男は余裕のある様子で口の端を吊り上げる。

「オットー家は王家と姻戚関係を結んで勢力を大きくしようとしているのは知っています。ですがこの事件が明るみに出ればそれは頓挫します」

そして国王からの信頼を失うということはつまり領家の人間の品位に関わることだ。

「この大切な時期にあなたが結婚できなければ権力に近づくのは不可能です」

そしてハミルには恋人のリリィがいる。

アリサ姫との結婚が秒読みとなった現在不要な情報は消し去りたいはずだ。

だからリリィの存在が邪魔になる。

「すべてが思い通りになると思うのは傲慢です」

サラさまはそう断言した。

「お前も言うようになったな」

ハミルはぼそりと呟く。


そして最後の一押し。


「リリィさま」

サラさまは彼女に話すよう促す。


「ハミル、聞いてください。あなたはとても優秀な人間ですが人として大切ななにかが欠落しています。これまでのやり方を続けたら今はうまくいっても先は見えません」


「お前が俺に意見するとはな」


男はおかしそうに笑う。


「私はあなたのことを愛しています。だからこそ人として全うな道を歩んでほしいのです」


リリィは男の手を強く握る。

歪な関係ではあるが彼女はハミルを愛しているようだ。


冷酷で残忍な男に投げ掛ける言葉は普段のおとなしい姿からは想像もつかなかった。

「あなたのしたことは決して許されることではありません。でもやり直せるのならば私と一緒に償いましょう」


リリィから強い意思のようなものを感じた。

「やり直す?もう遅い」

ハミルは苦々しい顔だった。

「俺の体にはオットーの血が流れてるんだ。普通はおかしいこともまかり通る、そんな世界で生きてきたんだ」

だから非難されることは百も承知だったようだ。

「憎まれ役はいつも俺だったからな」

父親の操り人形として生きてきたのはサラさまだけでなくハミルも同じようだった。

「だから持てる分は少しでいい。腕の中に入るものだけを大切にできるのならそれだけでいい」

彼はリリィの腕をつかむ。

「俺から逃げたら許さないからな」

口調は不遜だが姿を見れば幼い子供が母親を求めるようなものだった。

「ハミル……」

俺たちにはわからない関係性だが危うい均衡で成立した恋情だった。

「サラ、俺はお前を認めないからな」

「わかっています」

だけど先程とは変わって声音は柔らかくなっていた。

「考えが変わった。
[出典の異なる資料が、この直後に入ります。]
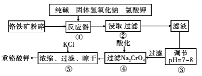 重铬酸钾是工业生产和实验室的重要氧化剂,工业上常用铬铁矿(主要成分为FeO·Cr2O3,杂质为SiO2、Al2O3)为原料生产,实验室模拟工业法用铬铁矿制K2Cr2O7的主要工艺如下图。涉及的主要反应是: 6FeO·Cr2O3+24NaOH+7KClO3=12Na2CrO4+3Fe2O3+7KCl+12H2O。

父にはお前を潰せと言われていたがそういうわけにもいかなくなった」

男は続ける。

「どうだ?一度父に会ってこい」

ハミルは応接室の奥の部屋のドアを開ける。

この先は当主の書斎だった。

「サラさま大丈夫ですか?」

チャールズが気遣わしげな視線を送る。

「はい。これでまた一歩進めた気がします」

次は強敵だが彼女は怯んでいなかった。

彼女はウェルズ家に来て本当に強くなった。


残るは決戦だった。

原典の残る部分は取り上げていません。